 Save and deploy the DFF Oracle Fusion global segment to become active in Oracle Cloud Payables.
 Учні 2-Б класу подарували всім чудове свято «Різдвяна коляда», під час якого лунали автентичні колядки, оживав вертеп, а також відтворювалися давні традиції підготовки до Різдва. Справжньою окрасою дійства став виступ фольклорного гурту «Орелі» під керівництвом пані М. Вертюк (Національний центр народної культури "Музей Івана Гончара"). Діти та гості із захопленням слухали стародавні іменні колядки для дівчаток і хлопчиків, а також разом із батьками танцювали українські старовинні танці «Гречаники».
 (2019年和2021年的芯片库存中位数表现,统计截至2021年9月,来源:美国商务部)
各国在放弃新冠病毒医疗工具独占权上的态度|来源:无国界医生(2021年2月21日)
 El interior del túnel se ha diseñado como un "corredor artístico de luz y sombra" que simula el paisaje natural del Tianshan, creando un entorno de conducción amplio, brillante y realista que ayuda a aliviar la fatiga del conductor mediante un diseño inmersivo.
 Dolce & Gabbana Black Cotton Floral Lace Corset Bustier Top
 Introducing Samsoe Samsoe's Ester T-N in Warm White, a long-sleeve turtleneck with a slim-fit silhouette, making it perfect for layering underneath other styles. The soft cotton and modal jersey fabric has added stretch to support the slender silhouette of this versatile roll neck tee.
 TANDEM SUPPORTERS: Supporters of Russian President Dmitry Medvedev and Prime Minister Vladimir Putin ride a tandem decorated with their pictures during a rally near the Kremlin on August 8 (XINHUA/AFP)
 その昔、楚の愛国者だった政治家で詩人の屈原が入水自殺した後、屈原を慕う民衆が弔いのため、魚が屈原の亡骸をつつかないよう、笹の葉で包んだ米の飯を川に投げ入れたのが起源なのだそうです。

● ● ● ● ● ● ●

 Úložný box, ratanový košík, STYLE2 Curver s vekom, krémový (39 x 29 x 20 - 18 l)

● ● ● ● ● ● ●

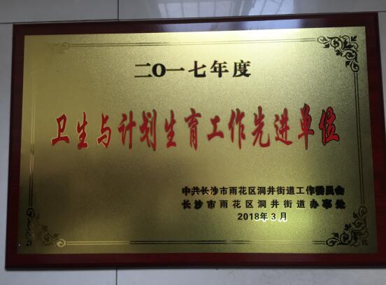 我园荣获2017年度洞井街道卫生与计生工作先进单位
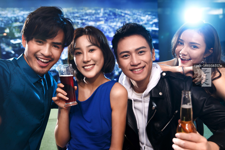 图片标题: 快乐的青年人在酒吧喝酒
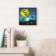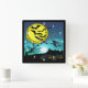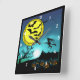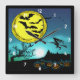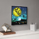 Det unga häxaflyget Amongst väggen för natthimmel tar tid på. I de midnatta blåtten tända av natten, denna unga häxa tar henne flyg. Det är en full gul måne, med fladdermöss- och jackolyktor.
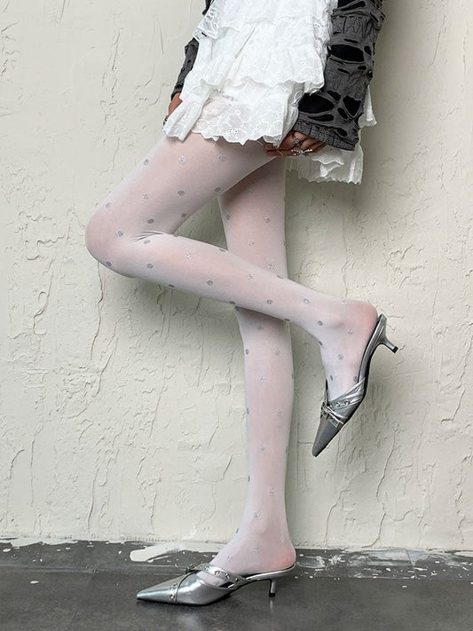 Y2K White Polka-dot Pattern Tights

● ● ● ● ● ● ●

▸ **Exercise aim**: Copy nothing but the lines above from the one with "我园荣获2017年度洞井街道卫生与计生工作先进单位" to the one with "Y2K White Polka-dot Pattern Tights", inclusive, word for word. Leave every picture out.

▸ **Exercise response**:
 我园荣获2017年度洞井街道卫生与计生工作先进单位
 图片标题: 快乐的青年人在酒吧喝酒
 Det unga häxaflyget Amongst väggen för natthimmel tar tid på. I de midnatta blåtten tända av natten, denna unga häxa tar henne flyg. Det är en full gul måne, med fladdermöss- och jackolyktor.
 Y2K White Polka-dot Pattern Tights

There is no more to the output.